» **TASK DIRECTIONS**:
Extract, exactly as written, each line from the start of the records below to the line containing "COTTON BLEND QUALITY", both ends included; drop the pictures.

(Beginning of STORED DATA)

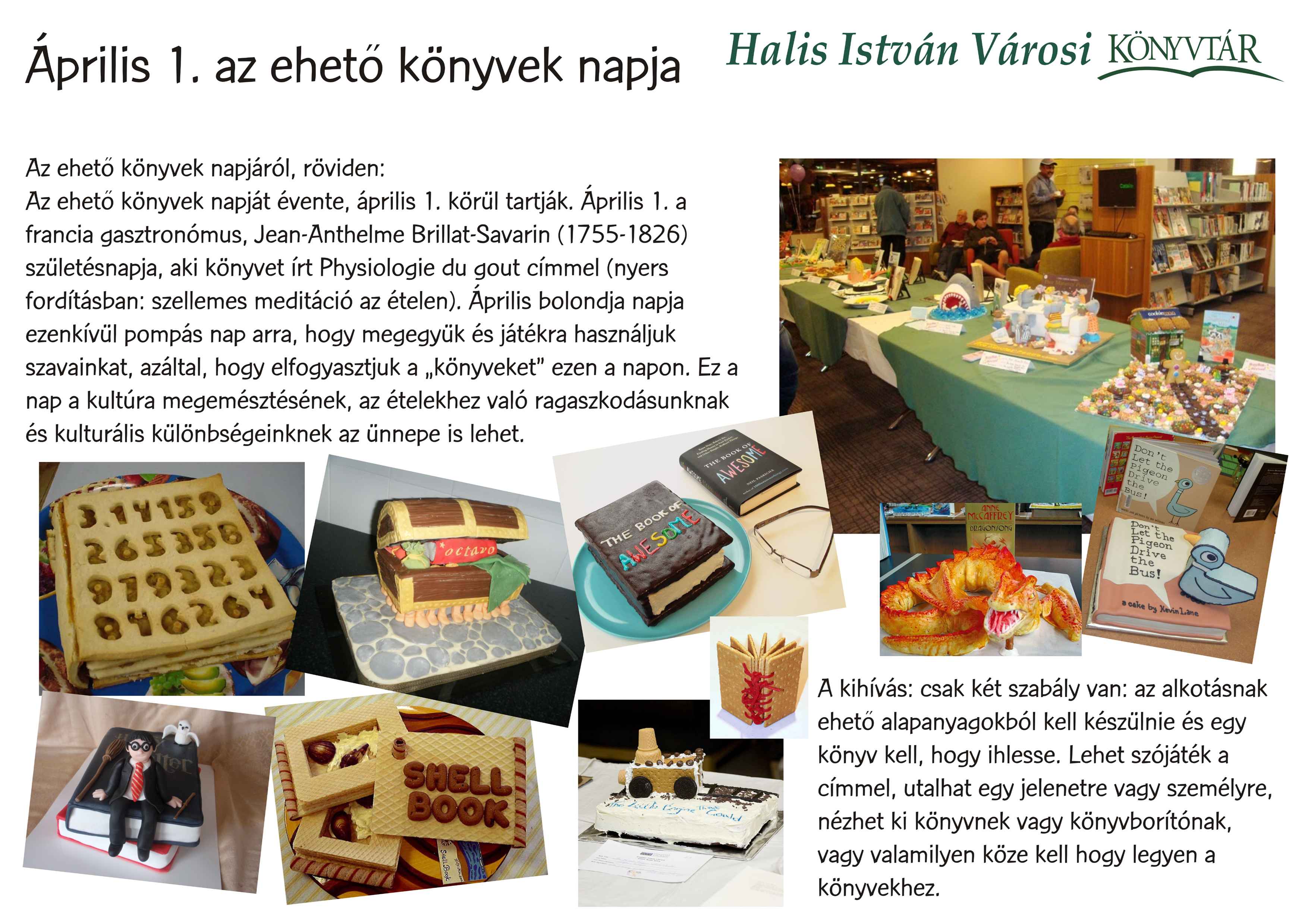 Nyilvános 1394 | 2925 | Április 1 - Ehető könyvek napja | Az ehető könyvek napjáról, röviden: Az ehető könyvek napját évente, április 1. körül tartják. Április 1. a francia gasztronómus, Jean-Anthelme Brillat-Savarin (1755-1826) születésnapja, aki könyvet írt Physiologie du gout címmel (nyers fordításban: szellemes meditáció az ételen). Április bolondja napja ezenkívül pompás nap arra, hogy megegyük és játékra használjuk szavainkat, azáltal, hogy elfogyasztjuk a „könyveket” ezen a napon. Ez a nap a kultúra megemésztésének, az ételekhez való ragaszkodásunknak és kulturális különbségeinknek az ünnepe is lehet. A kihívás: csak két szabály van: az alkotásnak ehető alapanyagokból kell készülnie és egy könyv kell, hogy ihlesse. Lehet szójáték a címmel, utalhat egy jelenetre vagy személyre, nézhet ki könyvnek vagy könyvborítónak, vagy valamilyen köze kell hogy legyen a könyvekhez. |
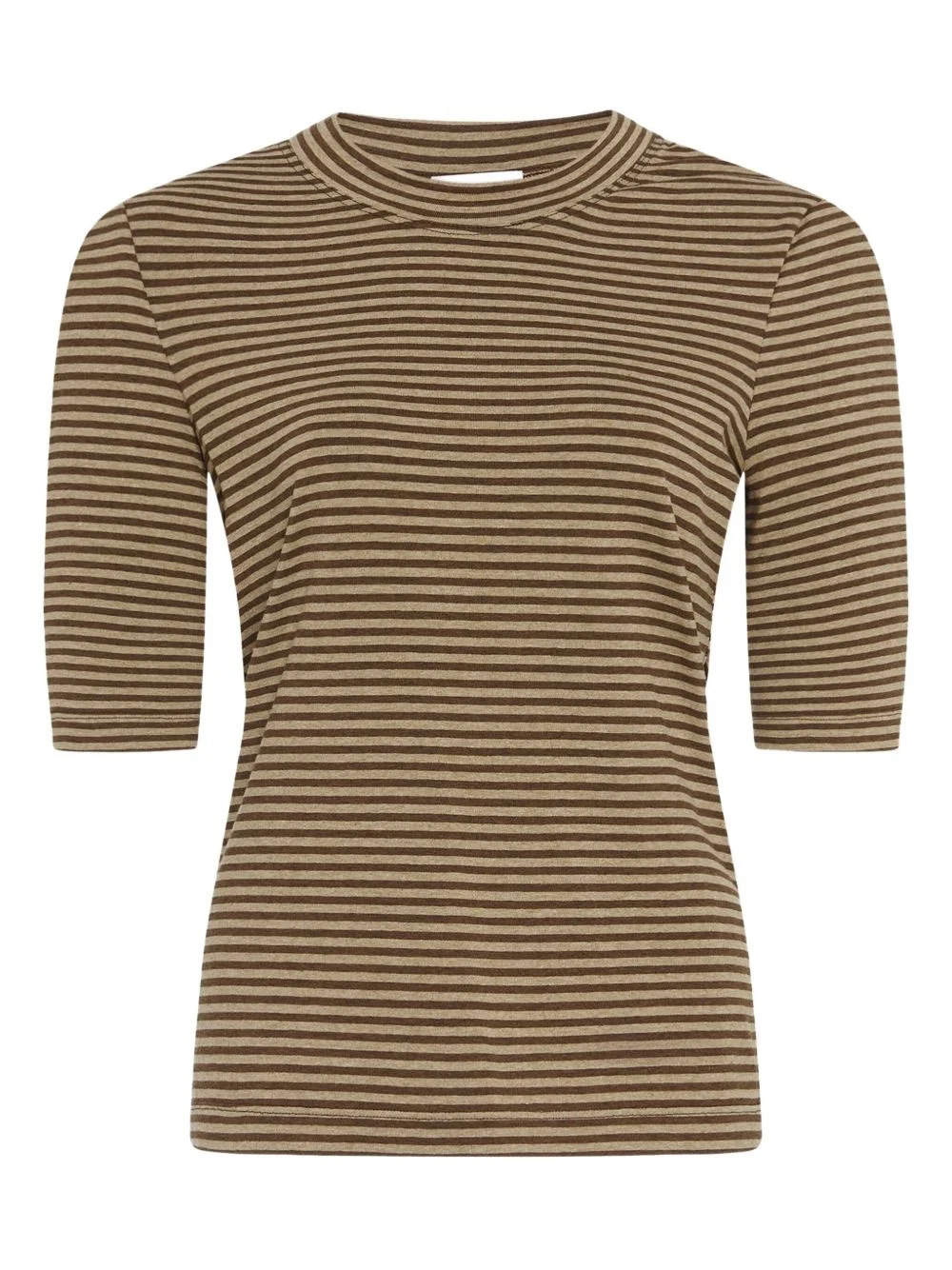 striped short-sleeve T-shirt Highlights - Brown - Horizontal stripe pattern - Round neckline - Half-length sleeves - Relaxed fit Imported Composition Cotton 100% Washing instructions Read Manufacturer Guidelines
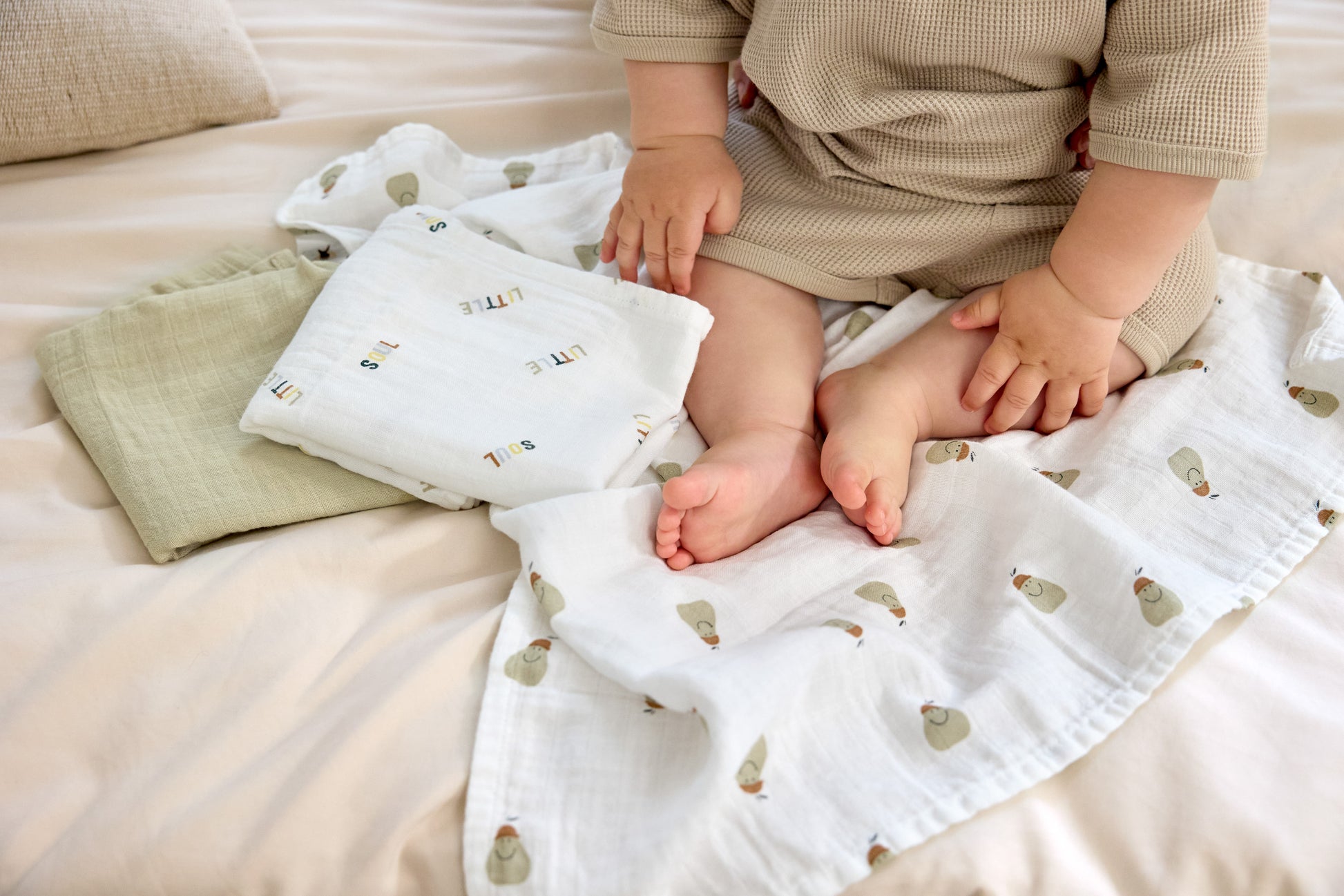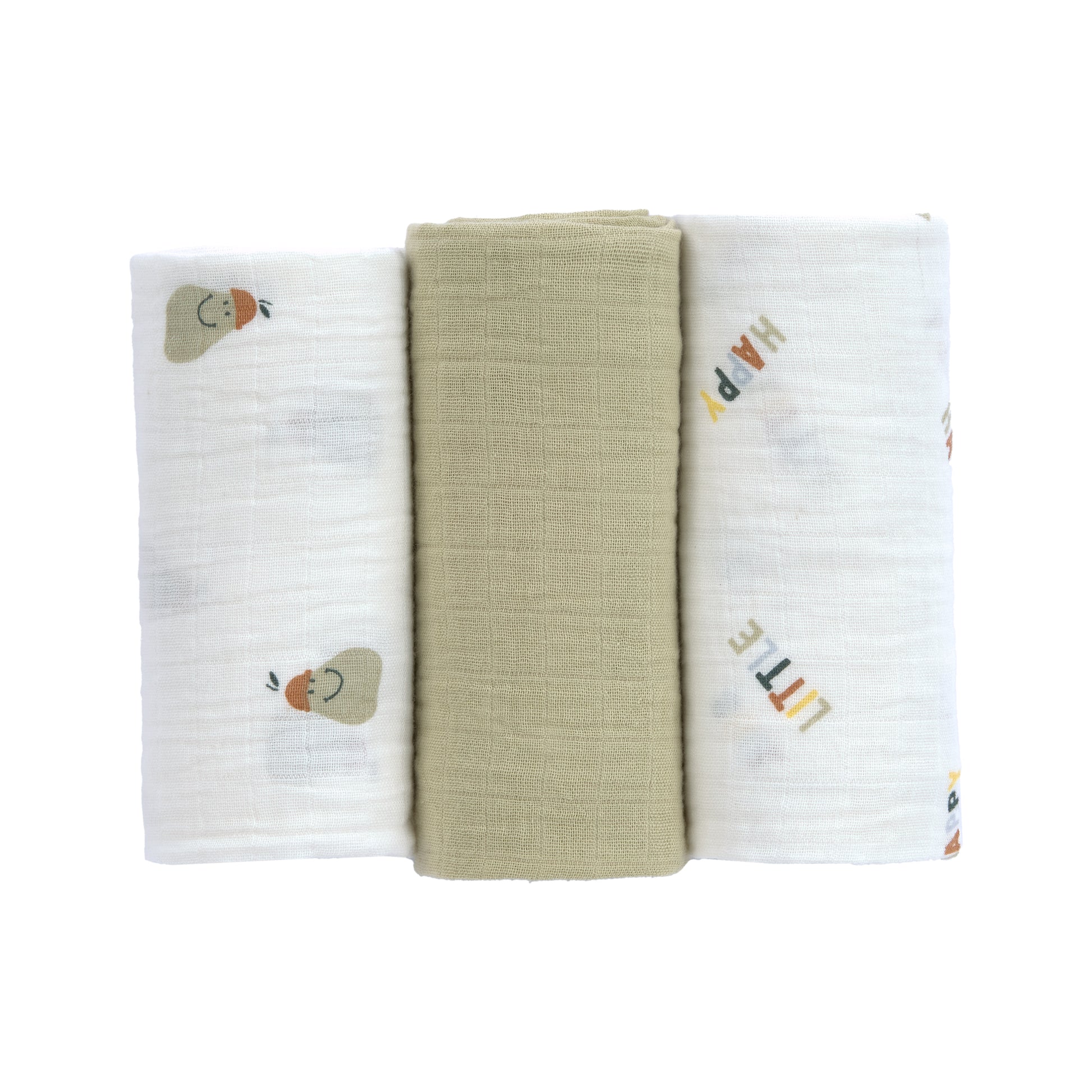 Musselinetücher 3 Stück: weiß,Grün,Birnen
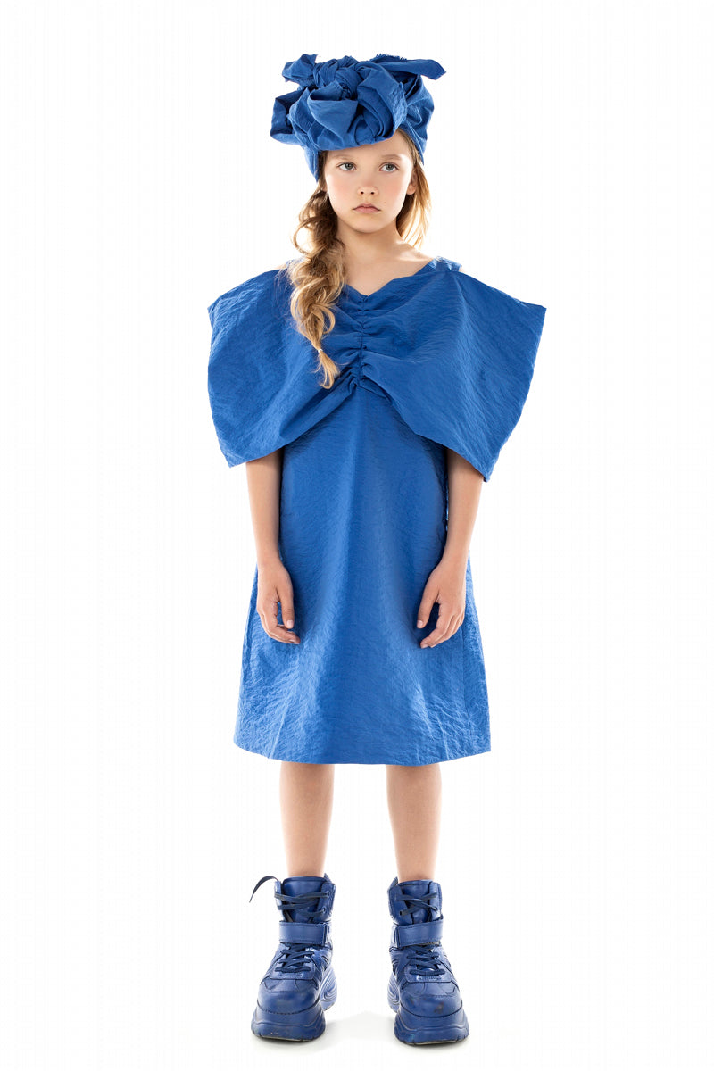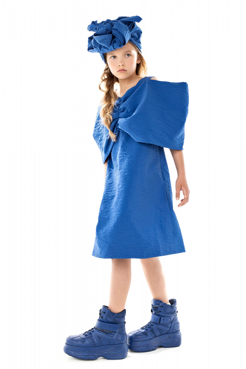 COTTON BLEND QUALITY COLOUR SOLID COBALT OVERSIZED BOW ON FRONT AND BACK A-LINE HEM SHAPE V-NECKLINE BELOW KNEE LENGTH
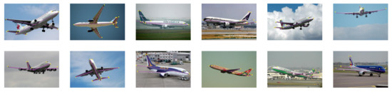 In this article, we introduce a new dataset especially for aircraft pose estimation which contains 3681 real images and 216,000 rendered images, called the APE dataset. All the images in this dataset have the size 1920 × 1080. The dataset contains most kinds of scenes that the aircraft may encounter during flight and can effectively evaluate the robustness of the methods for aircraft pose estimation. For real images, we sampled them from 79 videos captured by our cameras at different airports. These images are under different poses, such as taking off, landing, hovering, taxiing, and different weather scenes. The annotations include the focal and the pixel size of the camera, the 2D bounding box, the 6D pose, the projection of the 3D bounding box, the projection of the keypoints, the projection of the structures, and the weather scenes. We divide the images into four categories according to the weather: good weather, fog and haze, atmospheric jitter, and over exposure. Examples of real images are illustrated in Figure 11. What is more, we also generated 21,6000 rendered images for training. The rendered images were created by placing the 3D aircraft model in front of background images with the help of OpenGL. Background images were chosen from the sky images took manually under different weather scenes and road images from the KITTI dataset [48] which simulate the scenes when the aircraft is hovering in the sky and taxiing on the ground. Examples of rendered images are illustrated in Figure 11. On this dataset, we randomly select 80% of examples for training, 50 instances for validation, and the rest for testing.
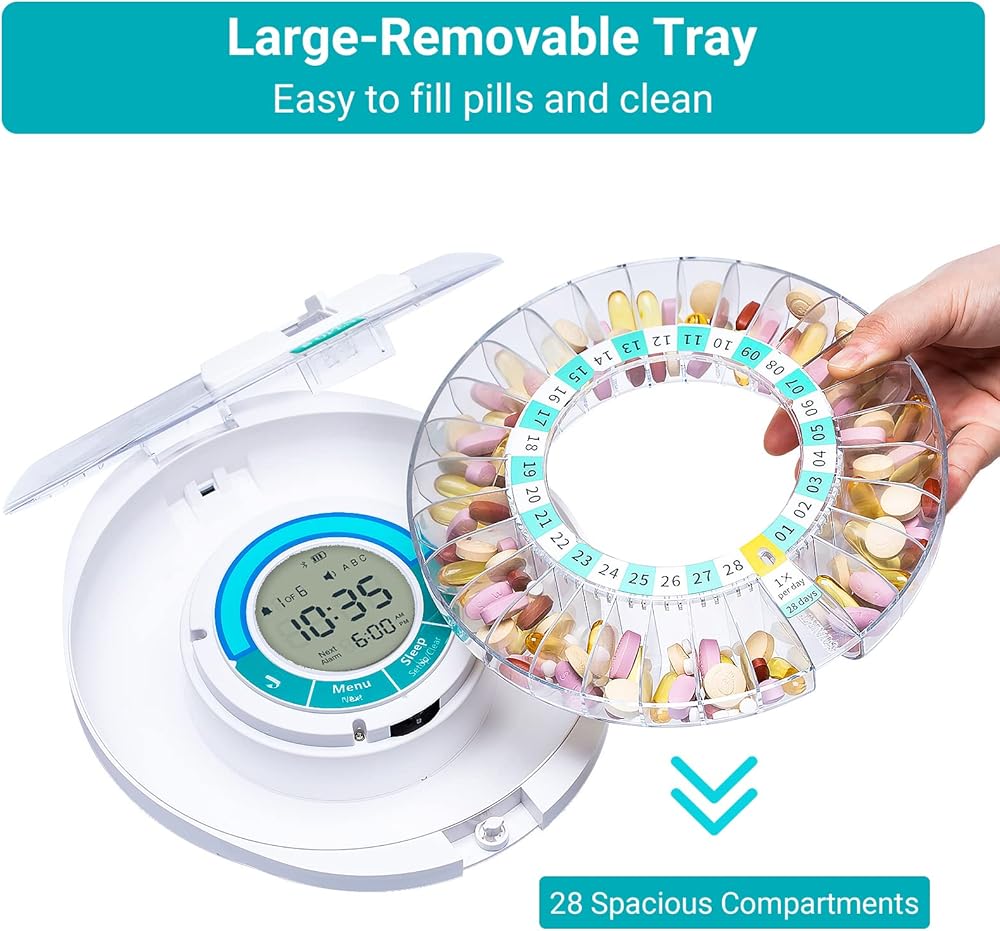 Zoksi New Bluetooth Smart Automatic Pill Dispenser, Electronic Medication Dispenser for Elderly, 28 Compartments Medicine Organizer with Triple reminder

(End of STORED DATA)

» **RESPONSE FOR THIS EXERCISE**:
 Nyilvános 1394 | 2925 | Április 1 - Ehető könyvek napja | Az ehető könyvek napjáról, röviden: Az ehető könyvek napját évente, április 1. körül tartják. Április 1. a francia gasztronómus, Jean-Anthelme Brillat-Savarin (1755-1826) születésnapja, aki könyvet írt Physiologie du gout címmel (nyers fordításban: szellemes meditáció az ételen). Április bolondja napja ezenkívül pompás nap arra, hogy megegyük és játékra használjuk szavainkat, azáltal, hogy elfogyasztjuk a „könyveket” ezen a napon. Ez a nap a kultúra megemésztésének, az ételekhez való ragaszkodásunknak és kulturális különbségeinknek az ünnepe is lehet. A kihívás: csak két szabály van: az alkotásnak ehető alapanyagokból kell készülnie és egy könyv kell, hogy ihlesse. Lehet szójáték a címmel, utalhat egy jelenetre vagy személyre, nézhet ki könyvnek vagy könyvborítónak, vagy valamilyen köze kell hogy legyen a könyvekhez. |
 striped short-sleeve T-shirt Highlights - Brown - Horizontal stripe pattern - Round neckline - Half-length sleeves - Relaxed fit Imported Composition Cotton 100% Washing instructions Read Manufacturer Guidelines
 Musselinetücher 3 Stück: weiß,Grün,Birnen
 COTTON BLEND QUALITY COLOUR SOLID COBALT OVERSIZED BOW ON FRONT AND BACK A-LINE HEM SHAPE V-NECKLINE BELOW KNEE LENGTH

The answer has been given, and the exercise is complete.